=== Begin Enclosure ===
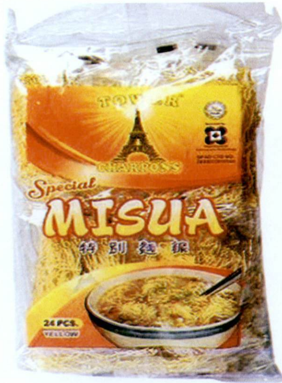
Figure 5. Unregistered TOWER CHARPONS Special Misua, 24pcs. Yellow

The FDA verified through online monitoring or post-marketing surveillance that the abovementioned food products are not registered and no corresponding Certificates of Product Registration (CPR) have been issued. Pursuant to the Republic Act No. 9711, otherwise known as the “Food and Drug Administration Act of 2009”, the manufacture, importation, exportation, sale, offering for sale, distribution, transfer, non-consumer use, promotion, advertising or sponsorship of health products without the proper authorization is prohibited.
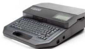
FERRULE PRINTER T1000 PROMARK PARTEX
=== End Enclosure ===
=== Begin Enclosure ===
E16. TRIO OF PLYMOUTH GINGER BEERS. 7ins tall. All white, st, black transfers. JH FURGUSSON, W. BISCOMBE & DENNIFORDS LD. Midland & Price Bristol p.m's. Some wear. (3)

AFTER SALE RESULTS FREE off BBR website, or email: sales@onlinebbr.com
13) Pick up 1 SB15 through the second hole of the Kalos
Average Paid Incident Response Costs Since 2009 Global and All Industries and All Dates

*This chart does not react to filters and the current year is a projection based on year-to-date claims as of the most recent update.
=== End Enclosure ===
=== Begin Enclosure ===
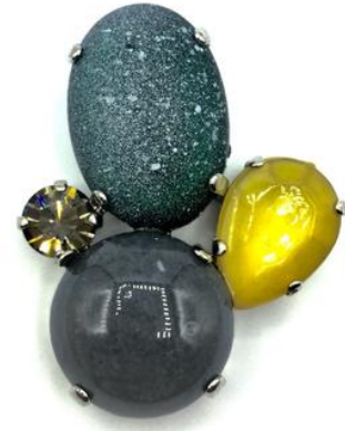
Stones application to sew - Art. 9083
=== End Enclosure ===
■ **Aim of the task**
Restate word for word the lines of the data above, starting at the line containing "AFTER SALE RESULTS" and ending at the line containing "most recent update.", both included, and nothing more.

■ **Task response**
AFTER SALE RESULTS FREE off BBR website, or email: sales@onlinebbr.com
13) Pick up 1 SB15 through the second hole of the Kalos
Average Paid Incident Response Costs Since 2009 Global and All Industries and All Dates

*This chart does not react to filters and the current year is a projection based on year-to-date claims as of the most recent update.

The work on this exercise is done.